By Naomi Nix and Carlos Sadovi
8:47 AM EDT, April 7, 2013
A 64-year-old woman has been charged along with her grandson in the slaying of her 72-year-old husband, who was killed on his way to dialysis treatment, police said.
The woman and her grandson then used the slain man's money to buy a car, home furnishings, tattoos, gym shoes and other items, prosecutors said.
Janet Strickland, of the 400 block of East 95th Street, was charged with one count of first-degree murder and one count of armed robbery with a firearm in connection to the March 2 homicide of her husband William Strickland.
Bail was set at $500,000 for Janet Strickland yesterday.
Prosecutors alleged Janet Strickland and her grandson, also named William Strickland, discussed killing her husband on multiple occasions.
Before the shooting, Janet Strickland told her grandson that she was "sick" of his grandfather and that she wanted him dead, prosecutors allege.
"She stated ... that she wished he was not here and she wanted him gone," Assistant State's Attorney Jacqueline Kwilos said during the bond hearing.
On the Thursday before the shooting, Strickland told her grandson that she wanted it done on the next Saturday, Kwilos said.

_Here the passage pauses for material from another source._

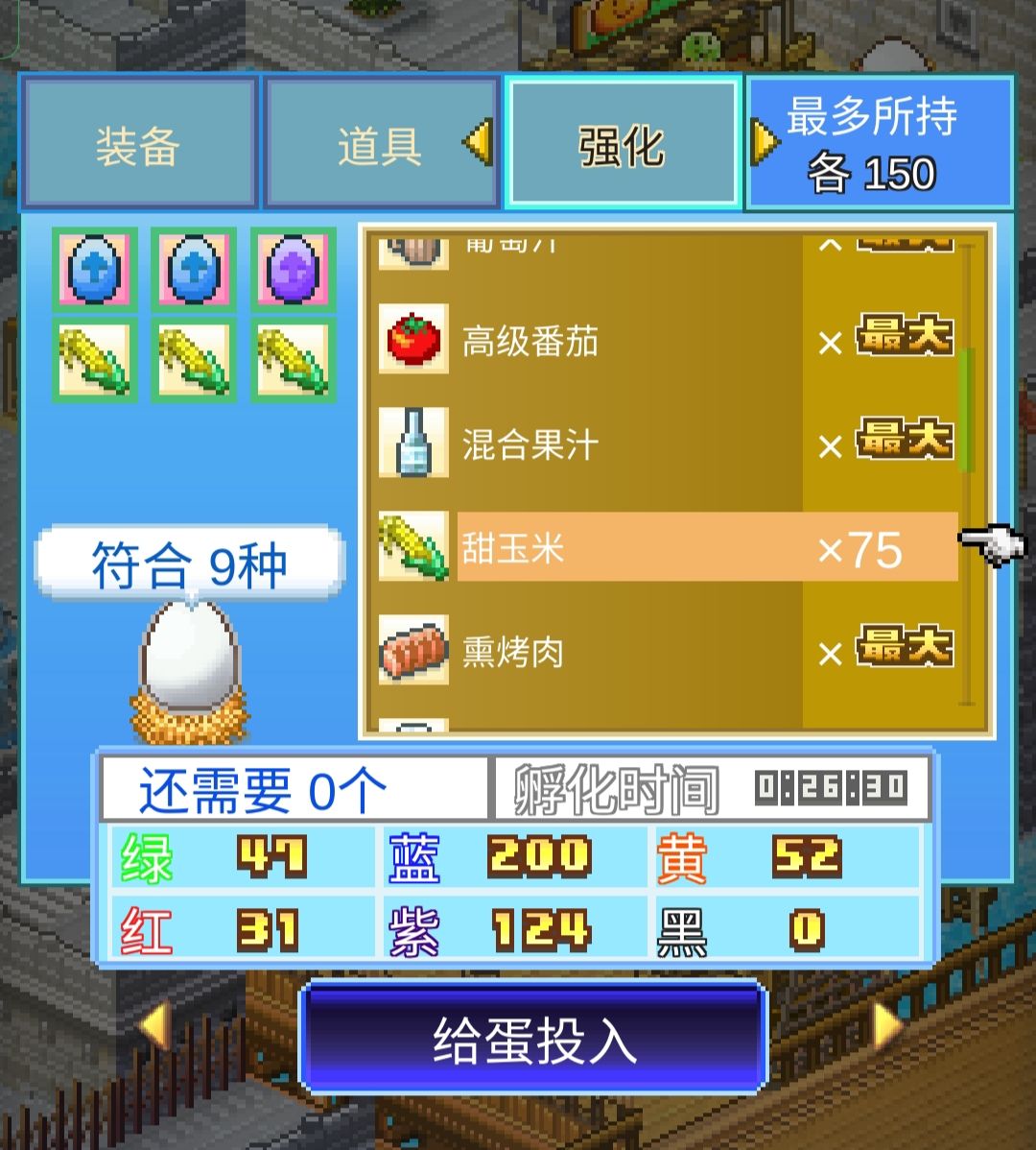 3:孵贝贝子改很多时候都容易缩小到9种可能,比较方便的配方是2个蛋蓝提升,1个蛋紫提升,3个甜玉米。

Initially the two had discussed having someone else kill him, but Strickland later told his grandmother he would do the shooting himself, Kwilos alleged.
According to prosecutors, Strickland admitted that when she unlocked the door to let her husband leave for his dialysis appointment early in the morning of March 2 she knew he would be killed by her grandson.
She also admitted to knowing her grandson had his grandfather's gun, and to letting him use her car during the shooting, Kwilos said.
Janet Strickland was a beneficiary of her husband's accounts, including his bank account. After the shooting, the two went on a shopping spree with the victim's money, according to Kwilos.
She used his money to buy her grandson a car and home furnishings. The younger Strickland also bought himself tattoos, gym shoes and a new phone.
Janet Strickland did not appear in court, instead being held in a hospital for treatment of lung disease and low oxygen, police said. She was arrested Thursday on the 400 block of East 111th Street after being identified by a witness, according to court documents.
Strickland's grandson William D. Strickland, 19, of the 400 block of East 95th Street, was ordered held without bail on March 30, accused of shooting his grandfather six times in the back.
The elder William Strickland was shot about 3:30 a.m. on March 2 outside his home in the South Side's Burnside neighborhood, according to police.
The elder Strickland was standing outside waiting for a Pace bus near his home when he was shot, on his way to a weekly dialysis appointment, prosecutors said.
Police recovered 25 bullet shell casings at the scene, prosecutors said.
The younger Strickland admitted to stealing the gun used in the murder from his grandfather, prosecutors said.
According to court documents, the younger Strickland, also known as "Dashaun," used a black Beretta semi-automatic handgun in his grandfather's murder.
Strickland is a self-admitted member of the Black P. Stones street gang, according to court documents.
Strickland has "Legacy," "Loyalty," and "Respect" tattooed on his arms, according to court documents.
By all appearances, Janet Strickland and her husband William seemed like a quiet, happy couple, neighbors said.
In the summers, they barbequed. Around the holidays, they put up elaborate Christmas decorations on their red and brown bungalow.
Music from the likes of Marvin Gaye and Jackie Wilson could often be heard blaring from their yard.
And Janet often smelled like she had been cooking a good meal, said Theolene Shears, 84, who lives next door.
"He always praised her, the things she did," said Shears. "She was a good housekeeper. She kept him well fed."
"He seemed very happy with her and she with him," said Shears as she sat down on the floor outside her kitchen.
"That's what's so surprising," said Leon Shears, Theolene's husband of 61 years.
The series of developments unfolding about the slaying of William Strickland continue to shock those living along 95th street.
"I've had three shocks this month," said Theolene Shears. "It's like a movie."
"We regret that this happened," she added.
Another neighbor remembered the elder Strickland as friendly.
"He was a good guy. He talked to everyone in the neighborhood," said Mario Farmer, 50, who lives two doors down.
"They seemed like they was all right," said Farmer, as he was taking a drag of his cigarette on his front porch. "I never seen them arguing, but they stayed inside the house most of the time."
Farmer said the arrest of Janet Strickland was a big surprise.
"I never would have expected that," said Farmer. "It's a shock."
Farmer said he saw the younger Strickland with a used red car with no tags -- maybe a 2004 Chevrolet -- about two weeks after the shooting. At one point he was putting in a new sound system with a group of friends.
"He was hooking it up, but I was surprised he had it so quick because he wasn't working," Farmer said.